Sa maison est évaluée à 229 000 $. « Ça cause un grave problème, un grave préjudice et ça fait déjà deux ans que j’aurais aimé la vendre, mais je ne peux pas. Je dois la garder et ce n’était pas dans mes plans », confie M. Deschamps.
Égout et aqueduc
En 2013, il avait reçu des estimations de la municipalité de 7000 $ pour raccorder la maison aux égouts et 2800 $ pour la brancher à l’aqueduc, soit un total de 9800 $.
Selon lui, les coûts estimés en 2014 de 28 000 $ pour les deux services sont trop élevés. « On doute fort qu’ils (élus) veulent nous faire payer toute la rue, l’asphalte, et toutes les infrastructures pour mettre ça beau», dit-il.
Un long processus
La municipalité a entamé des démarches dès 2000 pour doter la rue Phénix et le chemin de la Beauce à proximité des services d’égouts et d’aqueduc. En 2011 une étude de faisabilité a été faite ainsi qu’un plan préliminaire pour estimer les coûts des deux réseaux (égout et aqueduc), en septembre 2012.
La municipalité avait sondé les citoyens touchés en proposant des idées de prix en février 2013. Les résultats ont indiqué que les gens voulaient l’aqueduc et les égouts sur la rue Phénix et seulement l’aqueduc sur le Chemin de la Beauce.
Au départ 34 citoyens étaient concernés par ce raccordement, mais seulement 18 recevront les services. Les plans et devis ont été exécutés par la firme d’ingénieur Les Services exp, en mars 2013 et en juin de la même année, une demande d’autorisation de prolongement de réseau auprès du ministère de l’Environnement a été approuvée en octobre 2013. Après les élections, les démarches ont repris leur cours en novembre 2014. Cette année, un règlement mandatait en avril, la même firme pour préparer l’appel d’offres. La municipalité est maintenant en attente de la réponse du ministère des Affaires municipales pour le règlement d’emprunt de 695 000 $. Le nombre de signatures lors du registre n’atteignaient pas le nombre requis pour s’opposer à ce règlement. La répartition des coûts des travaux a été établie selon la partie avant du terrain de chaque résidant.
Aide du gouvernement
Selon Stéphane Billette, député libéral de la circonscription de Huntingdon et whip en chef du gouvernement, des récentes bonifications apportées au Programme d’infrastructures municipales d’eau ont été apportées. Les municipalités de 6500 habitants et moins pourront bénéficier jusqu’à 95 % de financement. « C’est toujours une situation d’urgence lorsque quelqu’un n’a pas d’eau potable », souligne M. Billette. L’objectif de ce programme est de soutenir financièrement les municipalités dans la réalisation de projets prioritaires visant la mise à niveau d’infrastructures d’eau exigée en vertu du Règlement sur la qualité de l’eau potable ou du Règlement sur les ouvrages municipaux d’assainissement des eaux usées, informe M. Billette.
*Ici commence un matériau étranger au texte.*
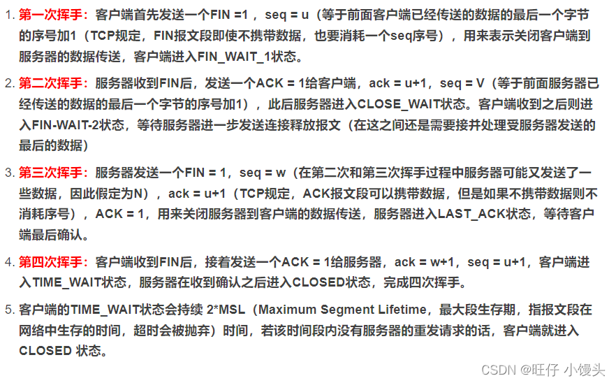 其实中间的ACK和FIN + ACK两步就足以证明为什么要4次挥手,关闭连接时,当收到对方的FIN报文时,仅仅表示对方不再发送数据了,但对方还能接收数据,而己方也未必将全部数据都发送给对方了,所以己方收到这个FIN报文之后处于CLOSE-WAIT状态,此时还可以发送一些数据给对方,发送完毕之后再发送FIN报文给对方来表示同意现在关闭连接。

Sainte-Martine devra déposer sa demande de subvention auprès du ministère des Affaires municipales avant de pouvoir bénéficier d’une part de cette enveloppe budgétaire.
Estimation des coûts par citoyens
33 000$
Pour chacun des résidants de la rue Phénix qui ont choisi d’avoir accès au service d’égout et d’aqueduc.
24 000$
Ceux du chemin de la Beauce ont choisi l’aqueduc seulement.